Director Adam McKay, who also co-wrote the script with Charles Randolph, gives us a film that could have been dry and uninteresting but it delights and entertains at nearly every turn. Some of this comes from the aforementioned humour but also by the deftly placed turns to camera/breaking the fourth wall moments. McKay entrusts us to make what we will of what is presented to us, there is no absolutely no judgement in this movie, facts are presented as simply what happened and what we make of that is our call. Maybe that's why the final moments, the end stats and information brought me to tears - of rage I'm sure. Surely this is McKay's gift to us...if this enrages you, if this makes you even a little pissed off, if this strikes you as simply wrong, perhaps you'll open your eyes and make sure it doesn't happen or can't happen again or at least to you.
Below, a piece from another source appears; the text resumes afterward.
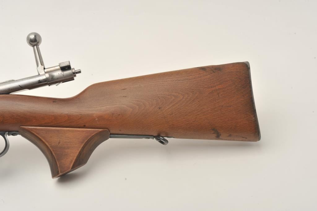 Husqvarna Model 1896Swedish FSR Mauser bolt action rifle, target sights, 6.5 x 55mm caliber, 29” barrel, blued finish, wood stock with added semi-pistol grip, S/N 700783, overall very good to near fine condition with near fine bore, crisp action, sharp markings and very good wood; two interesting metal tags pierced onto the right side of the butt stock; one is engraved “IGGESUNDS SKYUTTEFORENINGS/HEDERSPRIS/IIGGESUND 1959”;the other shows a muscular bowman surrounded by the lettering “STOCKHOLMS – TIDNINGENS/RIKSSKKYTTETAVLING” and dated 1960. Might be researchable. (C&R). Est.: $300-$500.

Frankly I wouldn't mind if a few more of the people involved (well actually a helluva lot more, maybe even the majority) ended up in jail or made to pay back in some way. I'd be even happier if some of the worst offending companies weren't now back to making huge profits, paying big bonuses and enjoying the favour of leading politicians and signing contracts for government projects.

And while we're at it, I'd like to see more films of the quality and creativity of this one.